In FIG. 13, the control devices 20 do not have any calibrated flap 24 and are connected to one another, on the outlet side of the controlled electrovalves 25, to a joint control tunnel 34. This joint control tunnel 34 is connected to the joint return tunnel 32 by a control valve 35 making it possible to pressurize the control devices 20 as well as set the dosing of the pre-injection. In this case, the joint external setting of the cutting-in pressure of the injector needles is not provided for.

In FIG. 14, the joint control tunnels 34 and return tunnels 32 are separated and each one is connected to its valve 35 and 33. It is therefore possible to both jointly and externally adjust the pressure of the control devices 20, the cutting-in pressure of the injector needles 5 as well as dose the pre-injection.

The configuration in FIG. 15 is similar to the one in FIG. 13, the only difference being that the joint return tunnel 32 is completed by its return valve 33. It is therefore possible to both jointly and externally adjust the pressure of the control devices 20 by modulating the difference in pressure between the control tunnels 34 and the return tunnels 32, the cutting-in pressure of the injector needles 5 as well as the dosing of the pre-injection.

Of course, these various configurations of joint return tunnels 32 and control tunnels 34 for all the injectors, pressurized together or separately, can be combined with the alternative embodiments described with reference to FIGS. 1 to 10.

FIGS. 16 to 19 are similar to FIGS. 2, 3, 4 and 6 and show a preferred embodiment of an injection device corresponding substantially to FIG. 14 and simplified by the absence of the piston acting on the injector needle. The control device 20 is fully incorporated into an injector set 40 containing the injector 4 and comprised of parts A to E. The differences lie in the fact that the return and control circuits are separate. Part C receives the return conduit 8 which communicates directly with the cavity 13 of the calibration spring 10 of the injector needle 5 by the discharge orifice 27. This return conduit 8 is designed to be connected to the joint and external return tunnel 32. In part D, the conduit 36 is designed to be connected to the joint and external control tunnel 34. Part E is completed by the delay orifice 31 and a conduit 37 which allows this delay orifice 31 to communicate with the controlled electrovalve 25.

In this embodiment, the calibrated orifice 23 is also incorporated into the relief valve 22 (FIG. 19) and the delay orifice 31 is arranged coaxial to this relief valve 22 and to its calibrated orifice 23. The calibrated flap 24 has been removed.

The way the injection device operates, with reference to FIGS. 16 to 19, is described as follows.

When idle, the electrovalve 25 is open and the relief valve 22 is closed under the effect of its spring 22′. No flow crosses through the injector set 40. The residual pressure in this circuit is kept at a level required by the joint control tunnel 34 and its control valve 35 not shown.

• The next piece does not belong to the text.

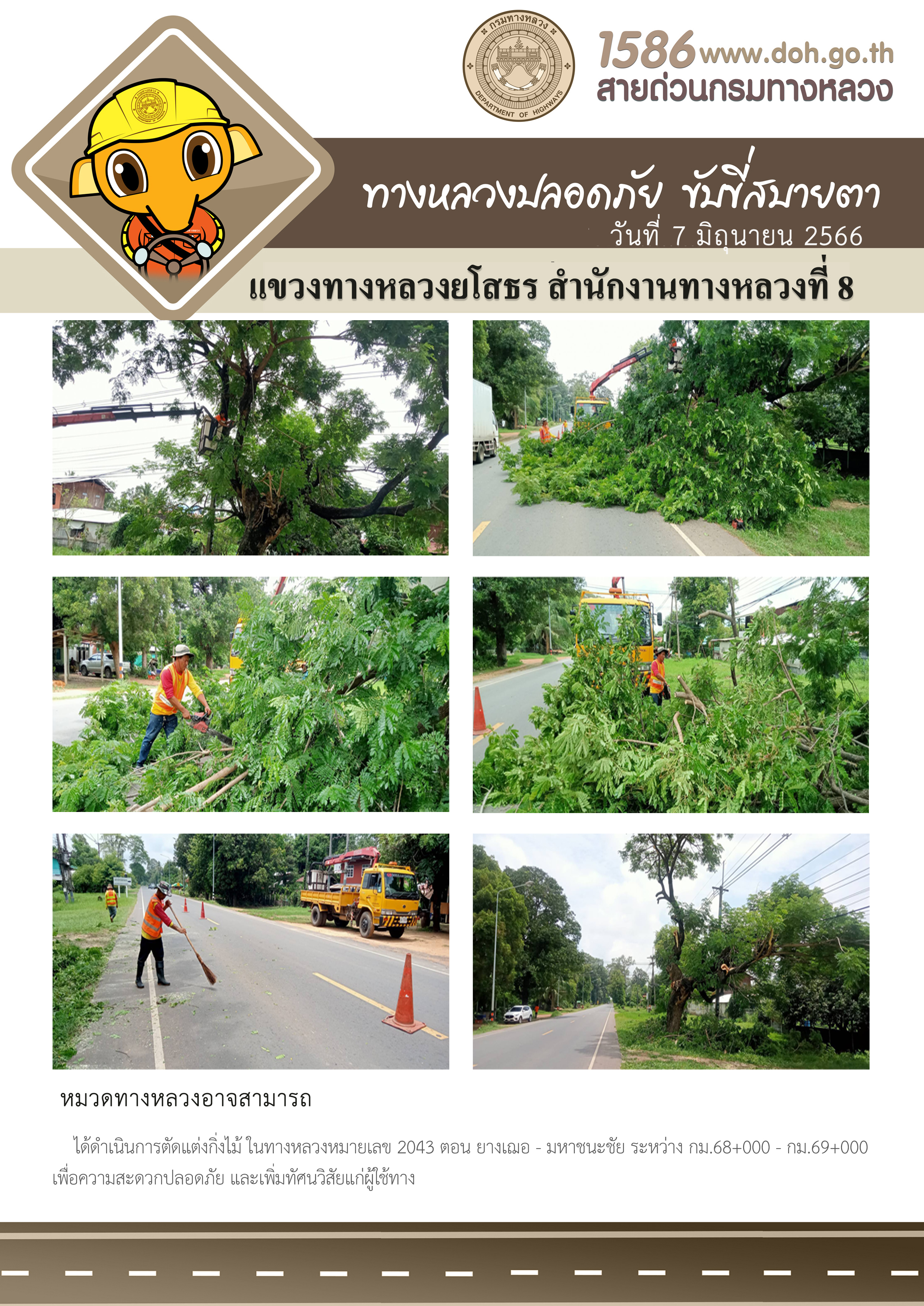 วันที่ 7 มิถุนายน 2566 หมวดทางหลวงอาจสามารถ ได้ดำเนินการตัดแต่งกิ่งไม้ ในทางหลวงหมายเลข 2043 ตอน ยางเฌอ - มหาชนะชัย ระหว่าง กม.68+000 - กม.69+000 เพื่อความสะดวกปลอดภัย และเพิ่มทัศนวิสัยแก่ผู้ใช้ทาง

When the discharge starts and after the filling orifices of the pump 3 close, the latter delivers its flow by means of a nonreturn valve 6. The pressure rises in the supply conduit 7 as well as in front of the relief valve 22 and in its calibrated orifice 23. However the flow is slowed by the delay orifice 31 which brings about an increase in pressure in the chamber 15 located around the injector needle 5 in a sufficient manner to cause it to open and thereby perform a pre-injection.

When the flow which crosses the calibrated orifice 23 and the delay orifice 31 is sufficient, the relief valve 22 opens and allows the flow to pass into the parallel discharge circuit 21′ towards the cavity 13 of the calibration spring 10. This relief brings about a drop in pressure in the chamber 15 of the injector needle 5 and an increase in the pressure in the cavity 13 which pushes on the injector needle 5 to close it and interrupt the pre-injection. The pressurization of the cavity 13 is ensured by the discharge orifice 27 and by the joint and external return tunnel 32 combined with its return valve 33, not shown.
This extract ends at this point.